По спине Винина пробежала мелкая дрожь.

– Всё… хорошо.

– У тебя голос дрогнул. А ну, рассказывай, что стряслось.

– Всё хорошо, не беспокойся.

– Я же знаю, что не всё хорошо. Я слушаю.

Он обрадовался тому, что его решили послушать, и понимал, что Агата от него не отстанет, потому решил рассказать:

– Мне немного нехорошо…

– Как тогда, что ли?

– Тогда?.. А, да… да. Как тогда.

– Ха-ха! Это когда ты сказал, что ты сам с собой поссорился? Мне правда всё ещё интересно, как ты сам с собой умудрился поругаться-то, а?

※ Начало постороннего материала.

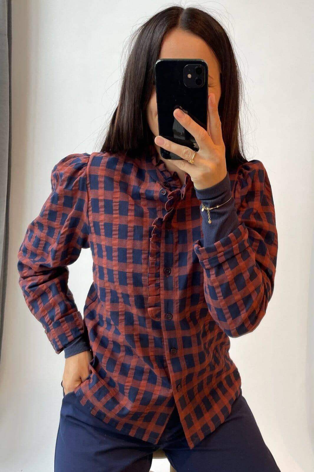 Geruite blouse van Love & Divine in donkerblauwe en bordeauxrode tinten. De blouse heeft pofmouwen en een hoge hals met ruchesdetails en een knoopsluiting aan de voorkant.

– Я… я неправильно подобрал выражение…

Она перебила его:

– А что тогда?

– Видишь ли, у меня… мысли. Они спорят друг с другом, то есть хорошие мысли спорят с плохими… Я не знаю, как это объяснить правильно и… я немного устал от этого. То есть дурные мысли посещают, и я не знаю, что мне делать…

– Ну, с каждым бывает! Я вот тоже часто хочу напиться до изнеможения и тупо валяться! Видишь, у меня тоже такие дурные мысли бывают.

– Нет, не такие…

– А! Ты хочешь в окно сигануть? Ну, у меня тоже такие мысли бывают, так я их закуриваю! Вот в чём плюс курения, Модя.

– Пожалуйста, Агата…

– Ну, так что?

Винин молчал, понимая, что не может связать и двух слов.

– Ничего.

– Ну ладно! Когда захочешь, тогда и расскажешь, – она зевнула. – Я сейчас спать пойду, а то очень устала…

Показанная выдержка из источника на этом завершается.